Oggi sono tornata da qualche giorno di vacanza, carica di soddisfazioni.
L’albergo aveva la piscina e io non mi sono tirata indietro.
C’era mia madre ed era la prima volta da tanto tempo che mi vedeva nuotare.
Io sono scesa in acqua e ho cominciato con quello che so fare: braccia a rana e gambe a stile.
Poi mi sono detta: “Conviene esercitarmi anche con quello che so fare meno, lo stile libero”.
Non mi sono sentita osservata, né giudicata, così sono riuscita a nuotare senza troppa fatica.

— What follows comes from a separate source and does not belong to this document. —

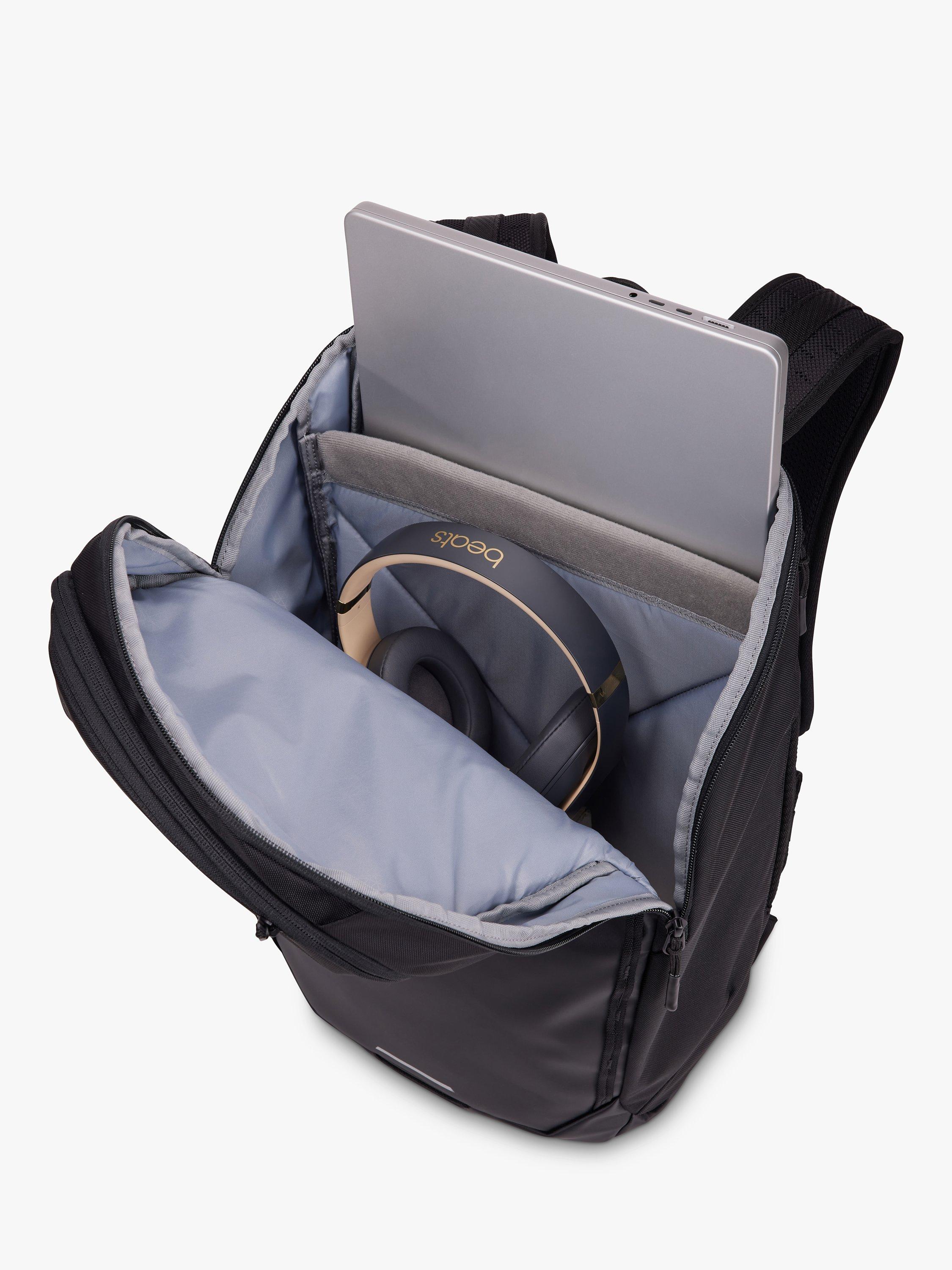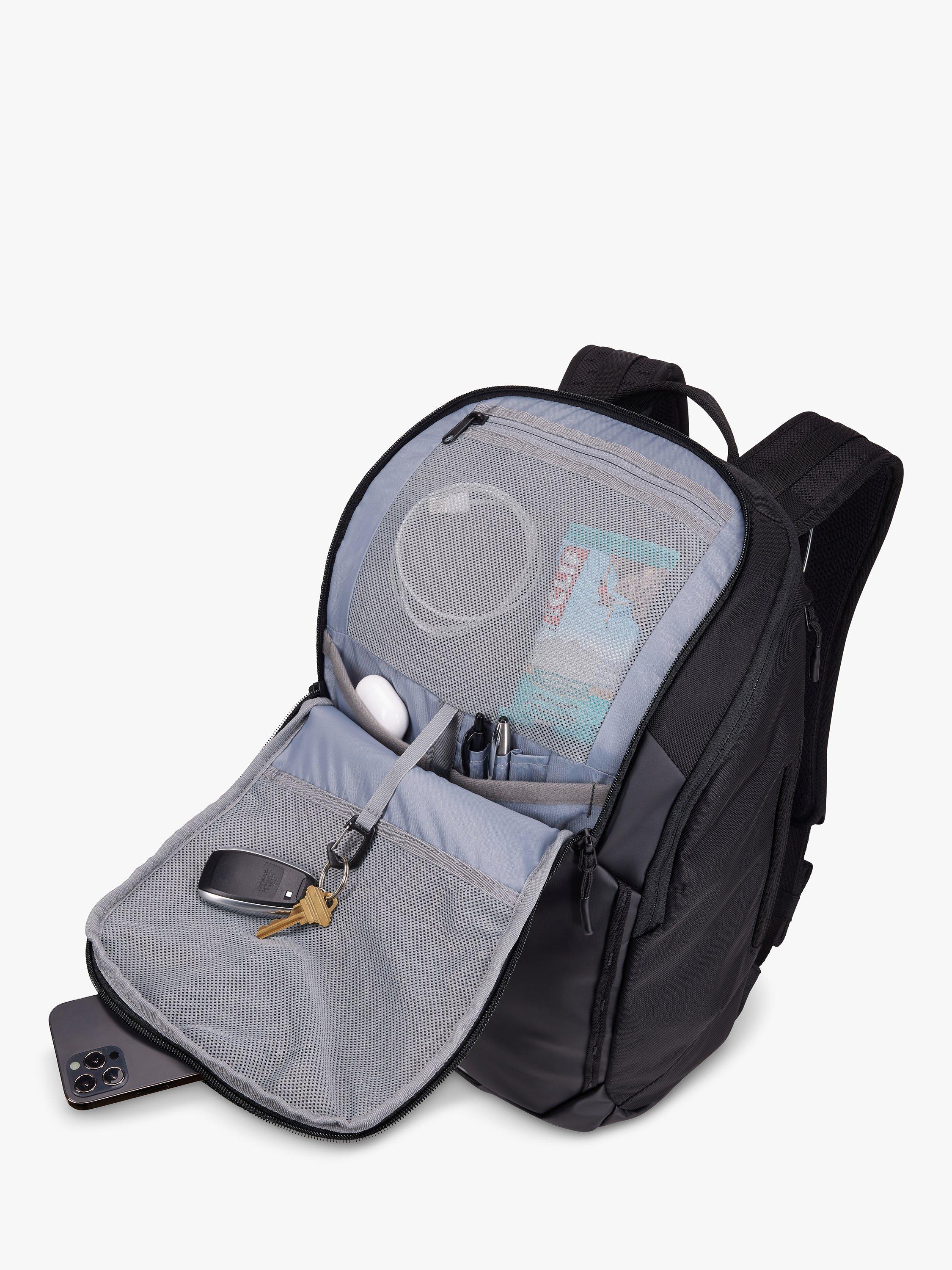 A durable, weather-resistant 26L laptop backpack for sport, travel, and everyday adventures. This backpack can fit laptops up to 16 inches and keeps them safe with a thickly padded sleeve and a weather-resistant front panel and base. Keep accessories secure and easy to locate in the organizational panel with a mesh pocket, slip pockets, and bulk storage, or quickly access smaller items in the top zippered pocket. You can attach additional gear to your bag with a carabiner and the integrated daisy chains and stay visible and safe with the dedicated bike light attachment loop.

Non sono stata nemmeno stata tormentata da voci ostili e la libertà interiore mi ha regalato un po’ di sprint.
Mia madre è rimasta stupefatta, quasi non mi riconosceva.
“È mia figlia quella?”
Secondo lei mi denigro troppo.
“Considera il punto di partenza, prima nuotavi a cagnolino senza nemmeno mettere la testa sott’acqua”.
Forse ha ragione lei, dovrei puntare di più sull’autostima.
Qui però non sono stata in competizione con nessuno.
Non vedevo i miei compagni di corso passare tra i mediani, mentre io rimanevo tra i principianti.
L’unica sfida è stata con me stessa e così non mi è più sembrato di fare sforzi inutili.
Chi c’era però a giudicarmi durante il corso di nuoto?
L’istruttore mi correggeva, ma avevo più paura di quello che poteva pensare di me che non della realtà.
Temevo mi guardasse come l’imbranata del corso, impegnata in una sorta di accanimento terapeutico.
I pensieri che gli attribuivo però erano i miei.
Mie le paure, miei i giudizi più duri.
Perché alla fine il peggior giudice di te stesso sei sempre tu.
Per la prima volta nella piscina dell’albergo sono stata fiera dei miei progressi.
Lo ero così tanto che avrei voluto telefonare a papà per raccontarglielo, anche se non c’è più.
Lui aveva tentato di insegnarmi a nuotare, quindi voglio credere che da lassù mi abbia visto e sia fiero di me.
È il desiderio di ogni bambino in fondo, che i genitori siano orgogliosi di lui.
Così almeno è stato per me e diventando adulta non ho mai smesso di pensarla così.